Double the size of an Airbus A380? No problem, aerodynamicists say.
- By Michael Milstein
- Air & Space magazine, July 2006
(Page 3 of 5)
“If you’re going to do a big plane, why don’t you do something grand?” McMasters says. “The airlines like big planes because they move lots of people. Why not build something people will like too?”
McMasters’ seagoing Super Clipper is a fanciful extrapolation from his study of large aircraft configurations. He has also studied the prospect of a giant flying wing, a design that NASA has continued to study. At this point, Boeing’s interest is purely in military applications, and the company will fly a scale model of the Blended Wing Body aircraft at NASA’s Dryden Flight Research Center in California this fall. If a full-scale commercial version were to be developed, it would face the same problem the A-380 faces: airports.

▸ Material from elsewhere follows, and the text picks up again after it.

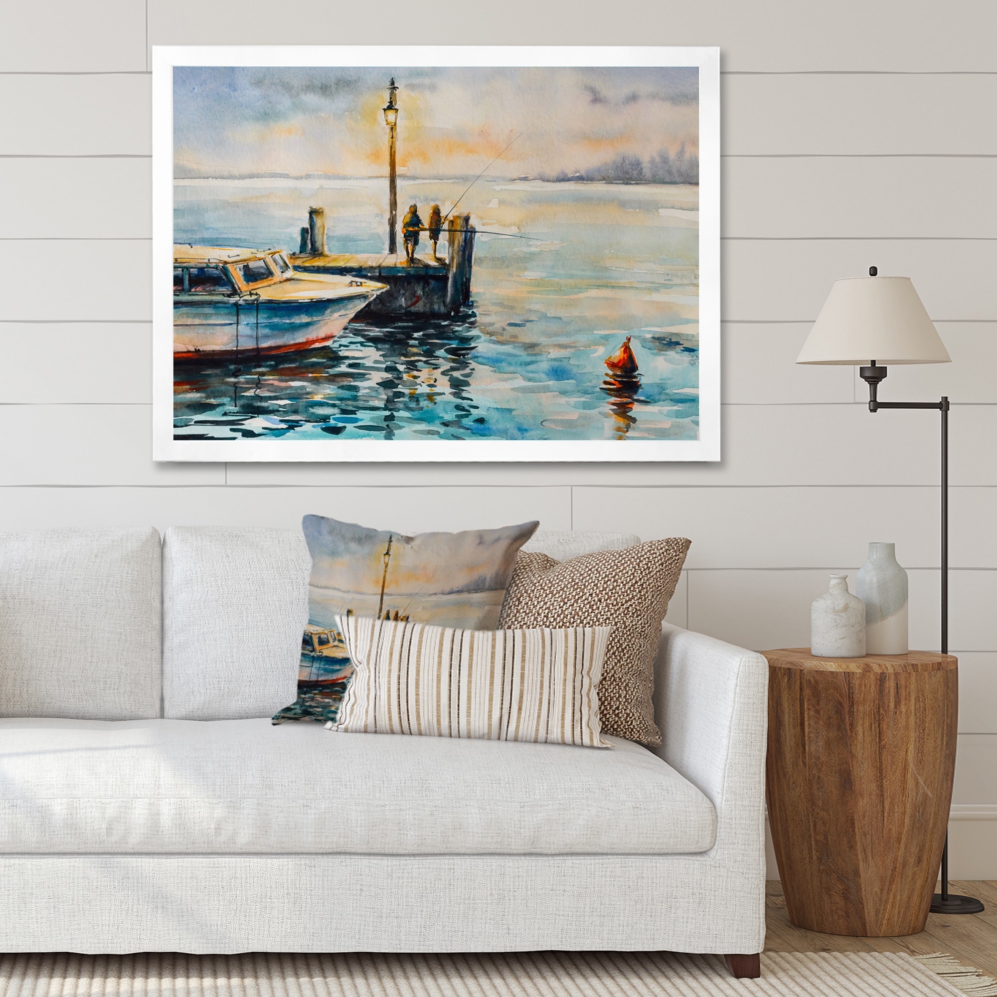 Designart "Two Men Fishing At Dusk At the Pier" Nautical & Coastal Framed Art Print

London’s Heathrow is the third busiest in the world (after Atlanta and Chicago) and, as the airport handling more international travelers than any other, probably the most cramped for space. When Airbus designers approached airports around the world starting in 1996, Heathrow was enthusiastic because the A380’s capacity could squeeze more people into each of its coveted landing slots. The airport now expects 65 superjumbo flights a day by 2015.
But big airplanes create big demands on the ground: Heathrow is spending about $800 million to rebuild itself, widening runways, adding taxiways, lengthening baggage conveyors, and renovating a terminal to create four superjumbo-size gates almost as wide as Big Ben is tall. The airport is also building a new terminal, to be completed by 2011, that will include 14 gates that can accommodate the A380; two of the 14 opened this year.

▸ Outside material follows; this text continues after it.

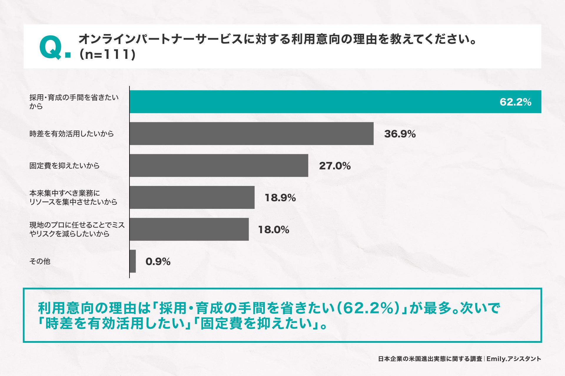 主な理由としては、「採用・育成の手間を省きたい」が62.2%で最も多く、次いで「時差を有効活用したい」(36.9%)、「固定費を抑えたい」(27.0%)が続きました。

In Singapore, where Singapore Airlines has ordered 10 A380s, with options for 15 more, costing a total of $8.6 billion, and where the first commercial A380 flight will likely take off early next year, Changi Airport is expanding 19 gates with extra seating, restrooms, and three jetways to handle A380s. Crews at Changi, which promises to be a hub for the megaliners on crowded Asian routes, have widened runways, expanded runway-taxiway intersections, and added shields to block the intense blast from the A380’s engines.
Airbus designed the A380 so airports wouldn’t have to strengthen existing runways. Though it weighs far more than a 747, its tires put no more pressure on runways because its weight is spread out over more wheels: 22. The immense weight of the new airliners does require some airports to reinforce bridges they will use. Its span and engine placement require them to widen runways from 150 feet, the standard for a 747, to 200 feet. Some airports, such San Francisco International, will work around that requirement by closing adjoining taxiways when an A380 arrives.

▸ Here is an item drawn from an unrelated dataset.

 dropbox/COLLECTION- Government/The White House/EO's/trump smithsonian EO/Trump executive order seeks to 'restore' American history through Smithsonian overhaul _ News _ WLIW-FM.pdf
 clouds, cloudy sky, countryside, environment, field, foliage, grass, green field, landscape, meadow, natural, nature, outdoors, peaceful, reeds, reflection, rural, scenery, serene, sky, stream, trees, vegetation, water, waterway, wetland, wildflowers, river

Airbus has strained to coax every bit of per-passenger performance possible from its superjumbo, and that’s the reason the airplane has two decks. Airplanes that pack people onto two levels—like the A380—or even three levels—like Kroo’s superduperjumbo—make more efficient use of their space. Kroo figured that by stacking 1,500 passengers in an airliner’s triple-deck fuselage, for example, he would reduce the ratio of nonlifting fuselage area to lifting wing area, which would reduce the power needed to carry each person. (Pity the poor pilot who’d have to stand there and say goodbye as all those people file off.)
But the payoff multiplies not only because per-person thrust is optimized but because the basic costs of flying any airliner—the salary of our friendly pilot, for instance—are spread across the ticket price of more passengers, so the cost of moving each person is smaller.